Bisacodyl is a later addition and is more popular. They are partly absorbed and re-excreted in
bile: enterohepatic circulation is more important in phenolphthalein which can
produce protracted action. Bisacodyl is activated in the intestine by
deacetylation. Their primary site of action is in the colon: irritate the mucosa,
produce mild inflammation and secretion. One or
two semiformed motions occur after 6–8 hours. Optimum doses vary
considerably among individuals. Average doses are:
Phenolphthalein 60–130 mg: LAXIL 130 mg tab. To
be taken at bedtime (tab.
not to be chewed).
Bisacodyl 5–15 mg: DULCOLAX 5 mg tab; 10
mg (adult), 5 mg (child) suppository: CONLAX 5 mg, 10 mg suppository, BIDLAX5 5
mg tab.
These doses may be
ineffective in some individuals, but produce fluid evacuations and cramps in
others. Morphological alterations in the colonic mucosa have been
observed—mucosa becomes more leaky.
Allergic
reactions—skin rashes, fixed drug eruption and Stevens Johnson Syndrome
have been reported.
Phenolphthalein has
been found to produce tumours in mice and genetic damage. The USFDA has ordered
its withdrawal from the market.
Bisacodyl is also
available as 5 mg (infant) and 10 mg (adult) suppository—acts by irritating the
anal and rectal mucosa → reflex increase in motility → evacuation occurs in
20–40 min. It can cause inflammation and mucosal damage.

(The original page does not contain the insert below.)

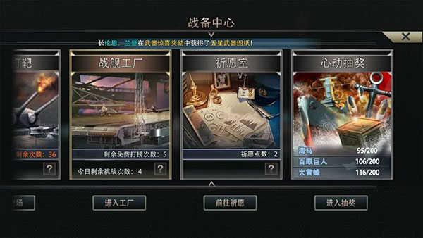4、战舰工厂:打捞战舰一般需要数月。每天有4次挑战次数和5次免费打捞。每次挑战,可以无限制打捞直到获得所有零部件,收获七张手稿;也可以用完免费打捞次数后提前终止打捞,根据打捞零部件数量收获对应数量手稿。每次挑战开始自动进行一次打捞。
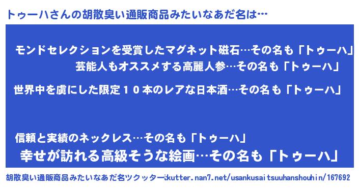 | 意味不明あだ名 | 『住所不定無職トゥーハ(47歳)』 |

Sodium picosulfate: Another
diphenylmethane related to bisacodyl.
Like others, it is hydrolysed by colonic bacteria to the active form, which then
acts locally to irritate the mucosa and activate myenteric neurones. Bowel
movement generally occurs after 6–12 hours of oral dose. Along with mag.
citrate solution, it has been used to evacuate the colon for colonoscopy or
surgery.
Dose: 5–10 mg at bed time.
Indications and side effects are
similar to bisacodyl.
CREMALAX, LAXICARE 10
mg tab; PICOFIT 5 mg/5 ml syr.
Anthraquinones
Senna is obtained from
leaves and pod of certain Cassia sp.,
while Cascara sagrada is the powdered bark of the buckthorn tree. These and a
number of other plant purgatives contain anthraquinone glycosides, also called emodins. Senna is most popularly used.
The glycosides are not active as suCh. No. Unabsorbed in the small intestine,
they are passed to the colon where bacteria liberate the active anthrol form, which either acts locally
or is absorbed into circulation—excreted in bile to act on small intestine.
Thus, they take 6–8 hours to produce action. Amount secreted in milk is sufficient
to cause purgation in the suckling infant.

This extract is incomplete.